What does "state of the art" mean? That it's using the latest "cutting edge" model technology?
When Apple releases a new iPhone Pro Max, it's "state of the art". When they release a new iPhone SE, there's an argument to be made that it's not because it uses 2 year old chips. But what would it even mean for BFL to release a model which wasn't "state of the art"
> our most advanced and efficient model yet
Yes, likewise, this is how technology companies work. They release something and then the next thing they release is more advanced.
> a significant step forward in our mission to empower creators
Going from 12 seconds to 4 seconds is a significant speed boost, but does it move the needle on their mission to empower creators? These are their words, not mine, it's a technical achievement and impressive incremental progress, but are there users out there who are more empowered by this? significantly more empowered!?
Did you miss the first flux release? Black forest labs aren't screwing around. The team consists of many of the _actual_ originators of Stable Diffusion's research (which was effectively co-opted by Emad Mostaque who is likely a sociopath).

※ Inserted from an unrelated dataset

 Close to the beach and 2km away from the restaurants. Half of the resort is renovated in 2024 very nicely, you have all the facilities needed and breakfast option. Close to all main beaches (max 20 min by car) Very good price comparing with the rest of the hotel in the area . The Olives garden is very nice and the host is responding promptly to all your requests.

That's not what "state of the art" means, and if it did it would still be hollow marketing jargon, because there are specific and meaningful ways to say that FLUX1.1 [pro] outperforms all competitors (and they do say so, later in the press release)
Your confusion about what "state of the art" means is exactly why marketers still use the phrase even though it has been overused and worn out since at least the 1980's. State of the art means something is "new", and that it is the "latest development", and that it incorporates "cutting edge" technology. The implication is that new is better, and that the "state of the art" is an improvement over what came before. (And to be clear, that's often true! Including in this case!) But that's not what the phrase actually means, it just means that something is new. And every press release is about something new.

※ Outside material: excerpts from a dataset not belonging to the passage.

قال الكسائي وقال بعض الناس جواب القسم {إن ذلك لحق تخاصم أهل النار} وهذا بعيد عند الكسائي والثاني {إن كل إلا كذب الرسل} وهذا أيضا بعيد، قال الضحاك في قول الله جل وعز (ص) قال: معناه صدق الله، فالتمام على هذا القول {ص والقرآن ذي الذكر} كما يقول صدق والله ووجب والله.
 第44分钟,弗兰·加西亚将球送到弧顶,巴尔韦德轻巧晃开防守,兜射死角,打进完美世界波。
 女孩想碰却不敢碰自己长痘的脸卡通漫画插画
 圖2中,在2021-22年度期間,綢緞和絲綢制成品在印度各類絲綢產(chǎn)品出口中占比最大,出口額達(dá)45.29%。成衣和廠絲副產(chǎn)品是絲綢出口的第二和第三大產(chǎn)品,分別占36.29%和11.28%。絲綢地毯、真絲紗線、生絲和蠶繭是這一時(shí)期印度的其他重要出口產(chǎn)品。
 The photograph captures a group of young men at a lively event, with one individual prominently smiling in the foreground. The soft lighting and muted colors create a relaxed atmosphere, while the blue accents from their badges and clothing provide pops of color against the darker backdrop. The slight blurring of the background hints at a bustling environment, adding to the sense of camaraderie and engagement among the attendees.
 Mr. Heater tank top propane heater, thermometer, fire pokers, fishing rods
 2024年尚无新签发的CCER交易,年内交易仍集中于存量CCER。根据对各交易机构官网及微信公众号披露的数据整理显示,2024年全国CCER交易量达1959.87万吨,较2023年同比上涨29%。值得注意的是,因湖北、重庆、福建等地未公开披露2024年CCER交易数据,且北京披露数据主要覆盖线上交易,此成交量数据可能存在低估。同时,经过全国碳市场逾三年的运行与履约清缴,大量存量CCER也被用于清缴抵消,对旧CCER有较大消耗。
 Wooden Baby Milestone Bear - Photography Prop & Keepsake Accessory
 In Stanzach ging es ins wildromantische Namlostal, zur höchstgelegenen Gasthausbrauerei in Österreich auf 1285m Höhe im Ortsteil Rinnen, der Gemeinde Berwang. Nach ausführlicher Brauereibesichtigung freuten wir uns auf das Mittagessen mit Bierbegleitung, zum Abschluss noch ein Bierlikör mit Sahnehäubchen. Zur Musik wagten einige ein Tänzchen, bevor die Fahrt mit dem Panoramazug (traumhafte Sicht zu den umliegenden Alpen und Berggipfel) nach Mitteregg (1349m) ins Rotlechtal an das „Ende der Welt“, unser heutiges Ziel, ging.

FLUX1.1 [pro] would be state of the art even if it was worse than the previous version. Stable Diffusion 2.0 was state of the art when it was released.
But you keep pretending that close source AI is a sustainable comparison.

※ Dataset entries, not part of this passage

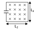 2、填空题 如图所示,在匀强磁场中,有一接有电容器的导线回路,已知C="30" u F, L1=5cm,L2=8cm磁场以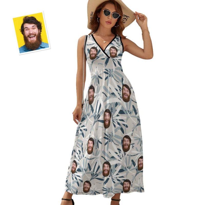 Custom Face Dress Personalized Hawaiian Blue and White Long Skirt Gift for Her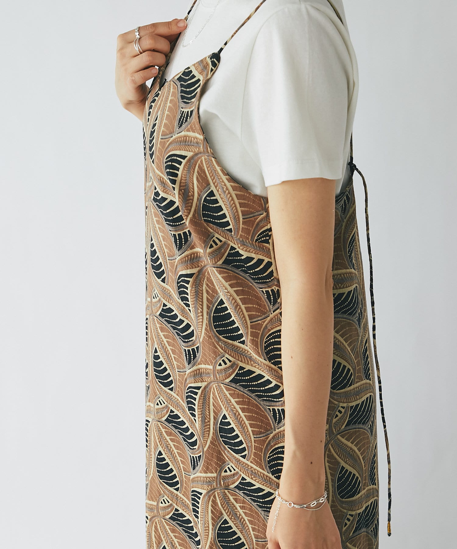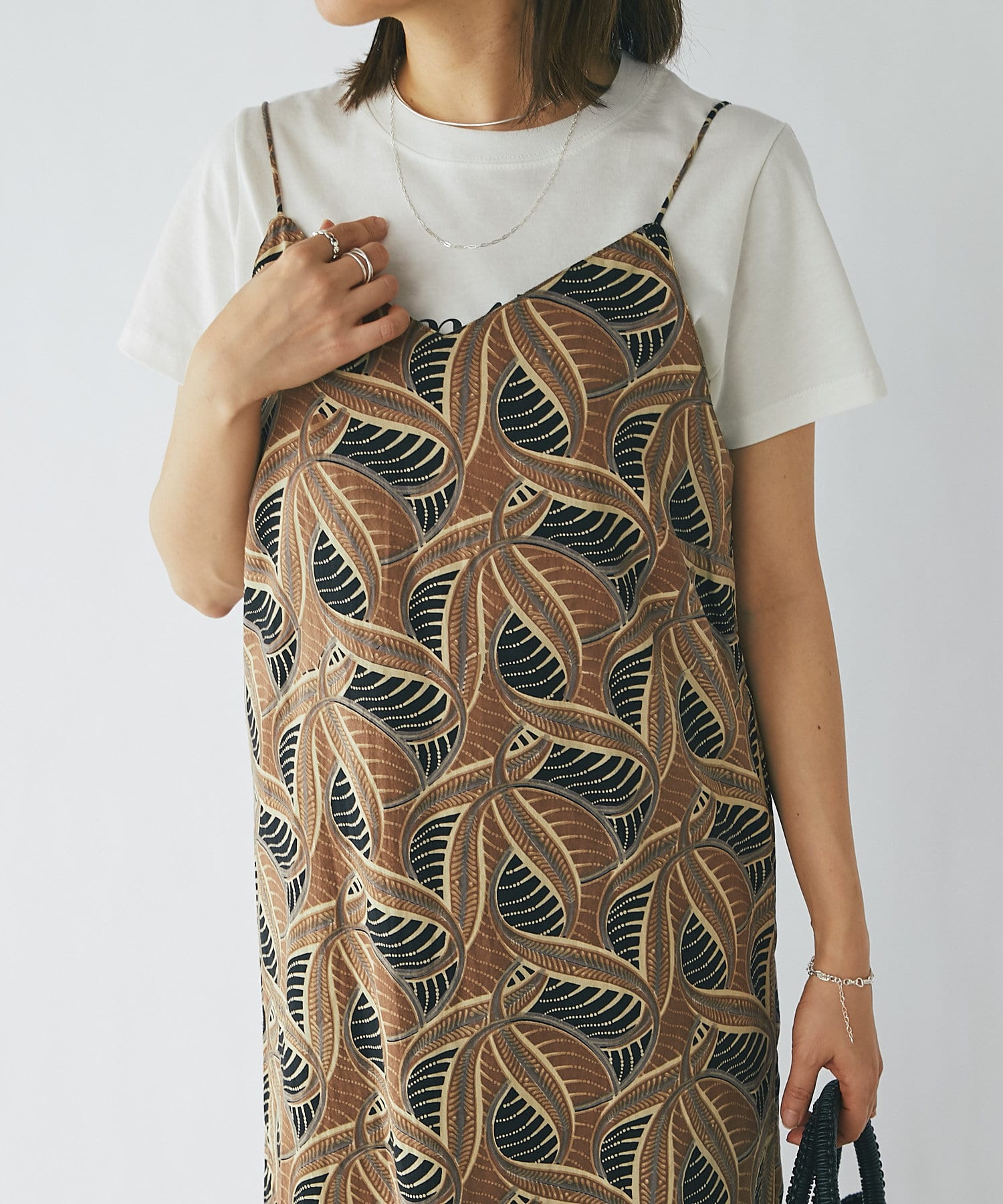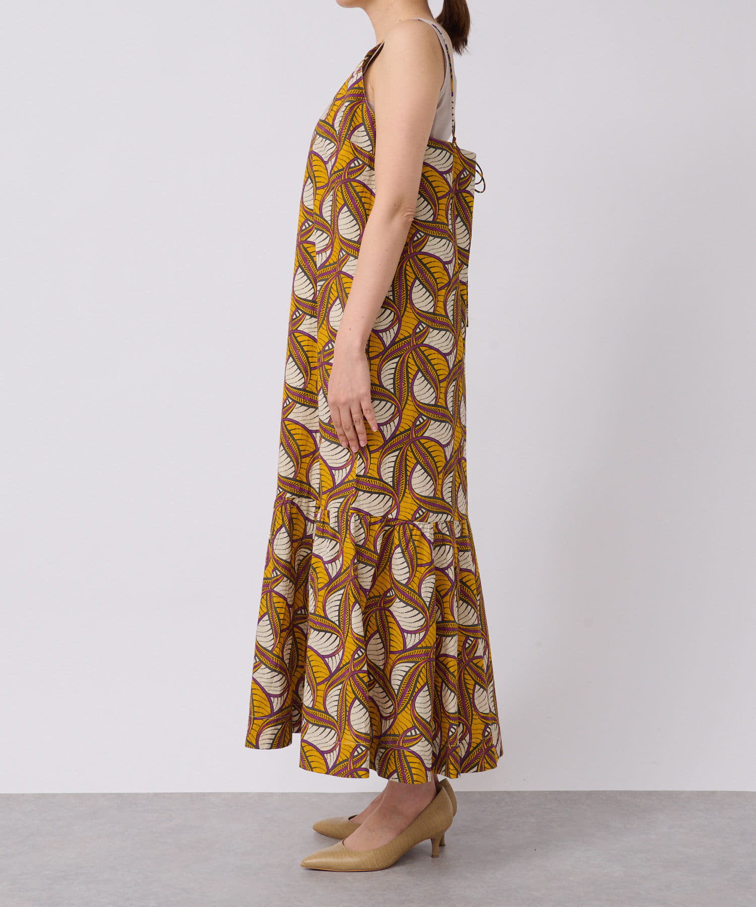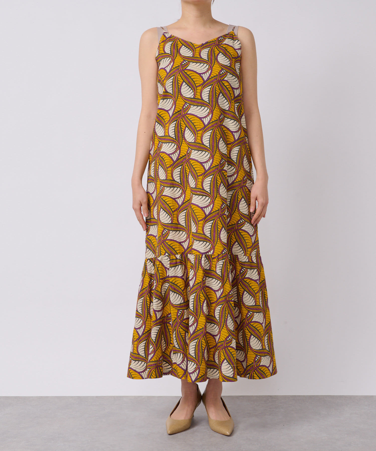 インド生産ならではの素材と風合いと、夏に向けて気分が上がる「バティック」ライクなプリント柄が目を惹くキャミワンピース。

That’s why I said I run Flux Dev.
- Take your morning to the next level!
Some comparisons against DALL-E 3.
https://huggingface.co/spaces/ArtificialAnalysis/Text-to-Ima...
> ... photo with the text "FLUX 1.1 [Pro]", ..., must say "1.1", ...
...And of course, it does not.
I managed to get it running on an old computer with a 2060 Super, taking ~1.5 minutes per image gen. People are generating on a 1080.
It's about 6 lines of Python.
For goodness sake, the MET in New York has a massive trove of open CC0 type licensed art. Dear BFL, please ease up a bit on this, and add some art-art to your models, they will be better as a result.
I actually use flux to generate image for purposes of adherence, then pull it in as a canny/depth controlnet with more established models like realvis, unstableXL, etc.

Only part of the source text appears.